Search code examples
apache-stormtrident

Storm vs. Trident: When not to use Trident?


I'm working with Storm and it is fine for a lot of use cases. Recently I had a look at Trident, which is a high-level abstraction of Storm. It supports exactly-once processing and makes stateful processing easier.

But now I'm wondering.. Why can't I always use Trident instead of Storm?

What I read so far:

  • Trident processes messages in batches, so throughput time could be longer.
  • Trident is not yet able to process loops in topologies.

Are there any other disadvantages when using Trident instead of Storm? Because right now, I think the disadvantages I listed above are marginal.

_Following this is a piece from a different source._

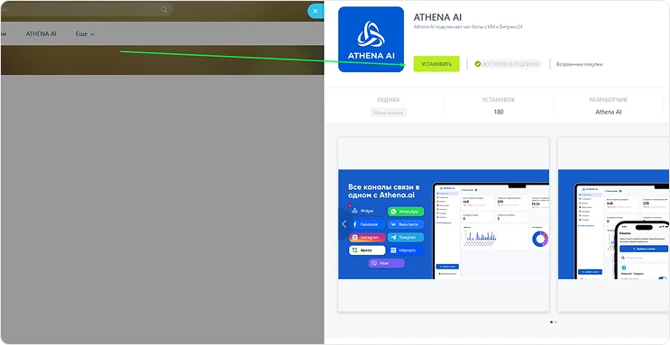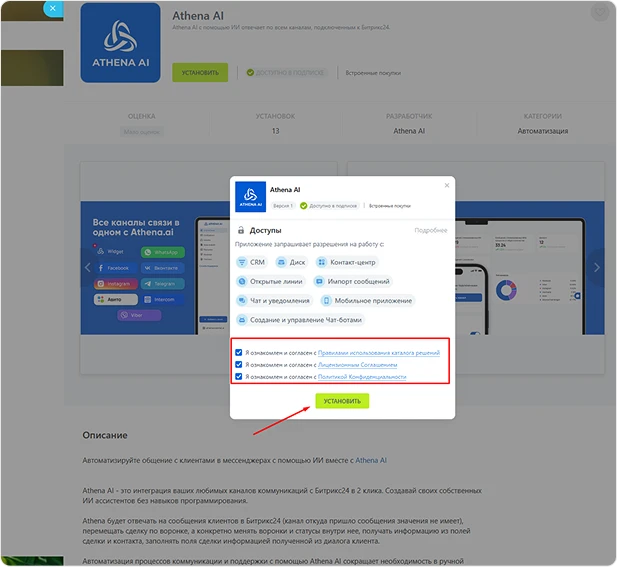 - Готово, открытая линия установлена, и Афина ИИ будет по-умолчанию включаться в разговор в соответствии с настройками.Важно!Чат-бот будет работать только при условии наличия, и создания сделок со стороны Битрикс24.

What use cases cannot be implemented with Trident?


Aftermath:

Since I asked the question my company decided to go for Trident first. We will only use pure Storm when there are performance problems. Sadly this wasn't an active decision it just became the default behavior (I wasn't around at that time).

Their assumption was that in most use cases we need state or only-once-processing or we will need it in near future. I understand their reasoning because moving from Storm to Trident or back isn't an easy transformation, but in my personal opinion the concept of stream processing without state wasn't understood by all and that was the main reason to use Trident.


Solution

  • To answer your question: when shouldn't you use Trident? Whenever you can afford not to.

    Trident adds complexity to a Storm topology, lowers performance and generates state. Ask yourself the question: do you need the "exactly once" processing semantics of Trident or can you live with the "at least once" processing semantics of Storm. For exactly once, use Trident, otherwise don't.

    I would also just like to highlight the fact that Storm guarantees that all messages will be processed. Some messages might just be processed more than once.